Why Local Government is Unrepresentative and Uncreative

Many thanks to Harvard’s David Schleicher for letting me know about his wonderful new paper, "Why Is There No Partisan Competition in

City Council Elections?". This isn’t (only) dry political science, it can also be read as a call for a radical shake-up of the way that democracy works in cities. Let me skip straight to the most exciting idea:

A state could also take a more

dramatic step: it could bar any party that chooses to register for national

and state elections from getting a place on the ballot for local elections… Such

movement would require parties seeking to be competitive in local

elections to express policy preferences on local issues, which would permit

all voters to use the party identification of candidates as a good heuristic

for their policy views on local issues. Because of the use of single member

districts and first-past-the-post voting, local elections would likely result in

a two party system at the local level, too, but with parties that provide

relevant heuristics for the policy beliefs of the candidates.

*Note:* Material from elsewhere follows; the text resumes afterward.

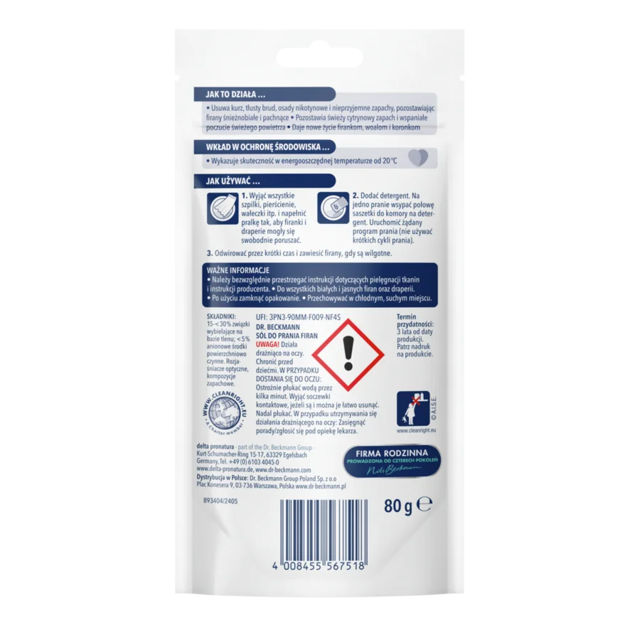 Dr. Beckmann Sól do prania firan - 2 prania skutecznie usuwa uporczywy kurz, tłuste zabrudzenia, nikotynę i nieprzyjemne zapachy. Głęboko czyści włókna zasłon, sprawia że są białe i posiadają przyjemny zapach, zapewniając przyjemne uczucie świeżości w powietrzu. Środek działa już od energooszczędnej temperatury 20°C.

I love this idea. Everybody complains about how politics is broken in Albany, but as Schleicher says, New York state elections are positively dynamic compared to elections at the city level. The party affiliation in any given seat never changes, which means that the only election which matters is the primary, in which only the most hardcore local party activists ever vote. And more to the point, the differences between Republicans and Democrats nationally simply aren’t the kind of differences which make much sense at a local level:

Beliefs about local politics do not strongly

track beliefs about national politics. There is substantial evidence that

Democratic or Republican voters (and politicians) in any locality, who

form relatively coherent ideological blocs on national issues, do not form

coherent ideological blocs about local politics. Put another way, the

information that a candidate is a Democrat or a Republican in a local

election does not reveal much information about her beliefs about local

issues.

The results are far-reaching, and very important:

If the model is correct, there are dramatic implications. First, and most

importantly, it shows local elections are very inefficient means of

translating voter preferences into government policy. That is, local

government does not meet the most basic definitions of democracy–it

does not provide voters with the ability to replace incumbents with

opponents with different views and to have their views represented in local

policies. Further, a system that retards party competition also removes

from local politics the forces that create new political coalitions,

investments in the development of political ideas, and new leaders. The

lack of parties makes city government both unrepresentative and

uncreative.

What’s interesting is that at the mayoral level, where individuals really do run on their own ideas rather than on their party affiliation, people with new ideas – Ken Livingstone, Mike Bloomberg, even Rudy Giuliani, for that matter – can and do get elected. But the only time people can vote for those ideas is during mayoral elections. When it comes to electing a city council, the paradigm of voting for national parties effectively quashes any hope of originality or democracy.